→ What needs to be done: Taking the entries below, transcribe only the lines starting with the one with "Women’s Ecru Longline" and going on through the one with "論争となっているのは、セルビ", exactly as written, without the pictures.

→ Data section:
⁂

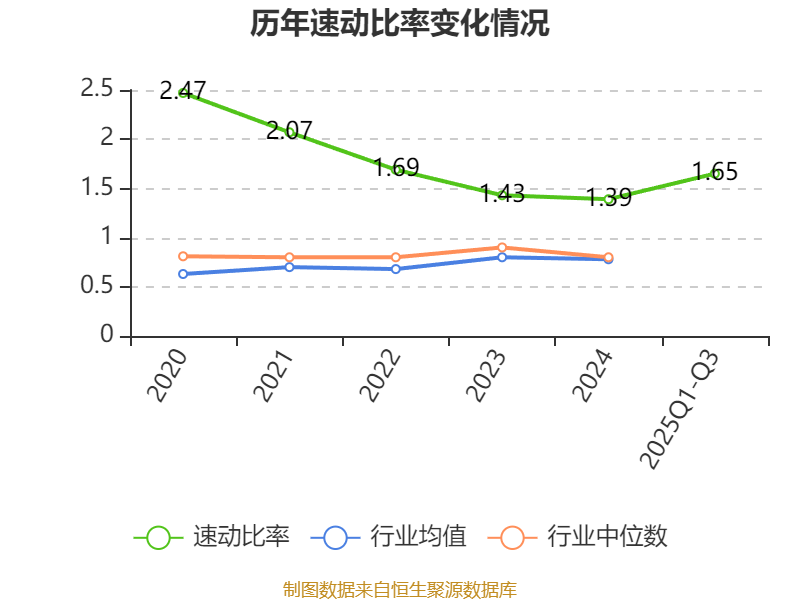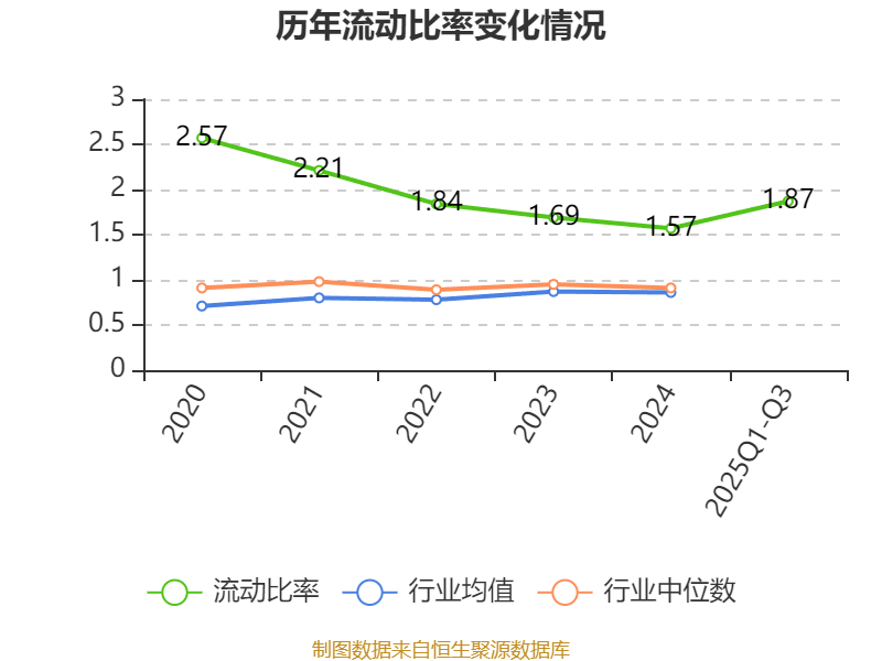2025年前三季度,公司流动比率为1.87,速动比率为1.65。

⁂

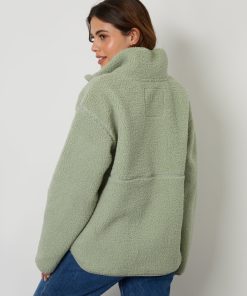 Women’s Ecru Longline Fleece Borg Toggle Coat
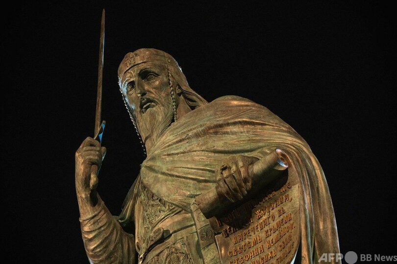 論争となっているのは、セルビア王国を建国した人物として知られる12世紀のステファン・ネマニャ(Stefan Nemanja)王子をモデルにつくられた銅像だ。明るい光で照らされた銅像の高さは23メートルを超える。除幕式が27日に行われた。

⁂

→ Task solution:
 Women’s Ecru Longline Fleece Borg Toggle Coat
 論争となっているのは、セルビア王国を建国した人物として知られる12世紀のステファン・ネマニャ(Stefan Nemanja)王子をモデルにつくられた銅像だ。明るい光で照らされた銅像の高さは23メートルを超える。除幕式が27日に行われた。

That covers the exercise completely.